You are viewing a plain text version of this content. The canonical link for it is here.

Posted to common-commits@hadoop.apache.org by Apache Wiki <wi...@apache.org> on 2008/08/05 11:11:46 UTC

[Hadoop Wiki] Update of "TaskTracker" by SteveLoughran

Dear Wiki user,

You have subscribed to a wiki page or wiki category on "Hadoop Wiki" for change notification.

The following page has been changed by SteveLoughran:
http://wiki.apache.org/hadoop/TaskTracker

The comment on the change is:
creating a page

New page:
A TaskTracker is a node in the cluster that accepts tasks - Map, Reduce and Shuffle operations - from a JobTracker.

Every TaskTracker is configured with a set of ''slots'', these indicate the number of tasks that it can accept. When the JobTracker tries to find somewhere to schedule a task within the MapReduce operations, it first looks for an empty slot on the same server that hosts the DataNode containing the data, and if not, it looks for an empty slot on a machine in the same rack.

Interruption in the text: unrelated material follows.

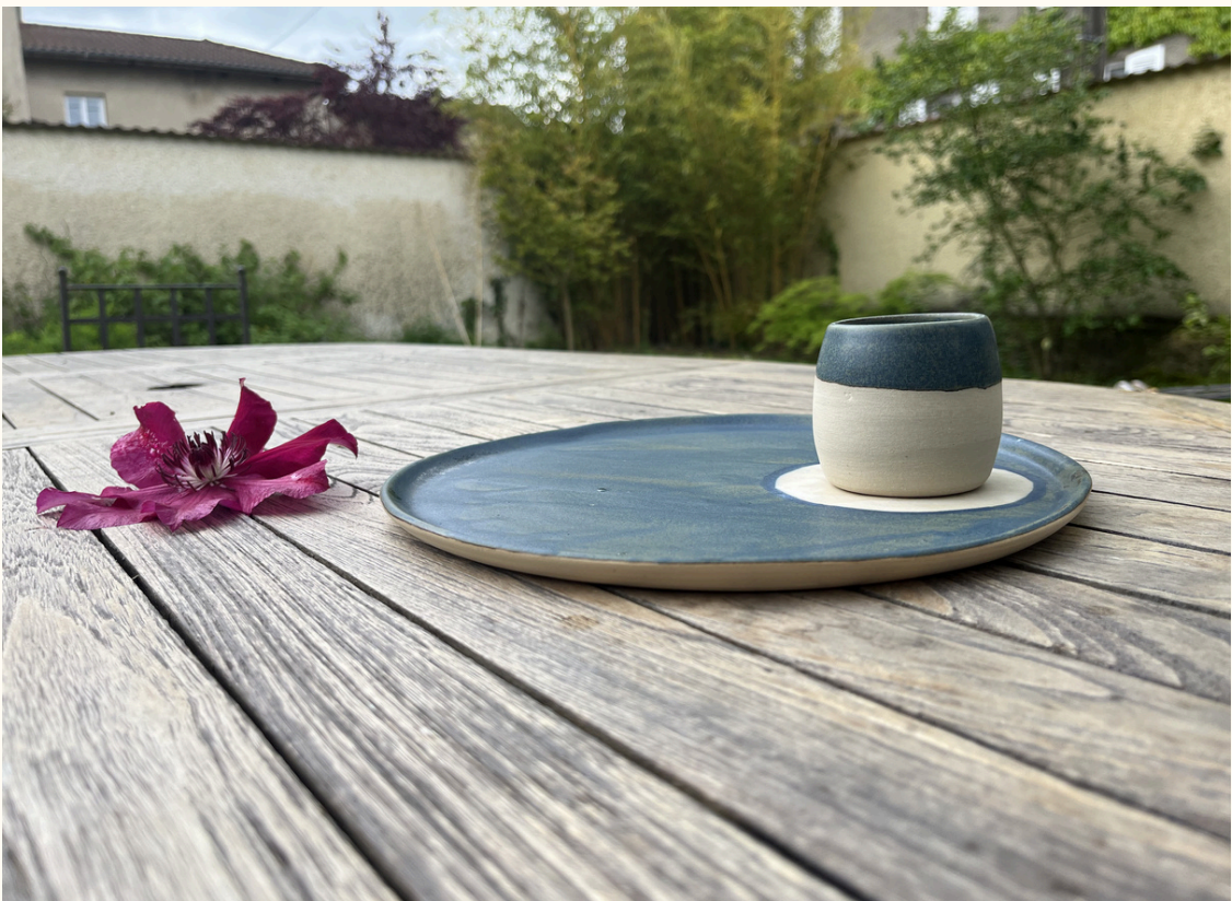
Tasse expresso sans anse 10€ H 6 cm

The TaskTracker spawns a separate JVM processes to do the actual work; this is to ensure that process failure does not take down the task tracker. The TaskTracker monitors these spawned processes, capturing the output and exit codes. When the process finishes, successfully or not, the tracker notifies the JobTracker. The TaskTrackers also send out heartbeat messages to the JobTracker, usually every few minutes, to reassure the JobTracker that it is still alive. These message also inform the JobTracker of the number of available slots, so the JobTracker can stay up to date with where in the cluster work can be delegated.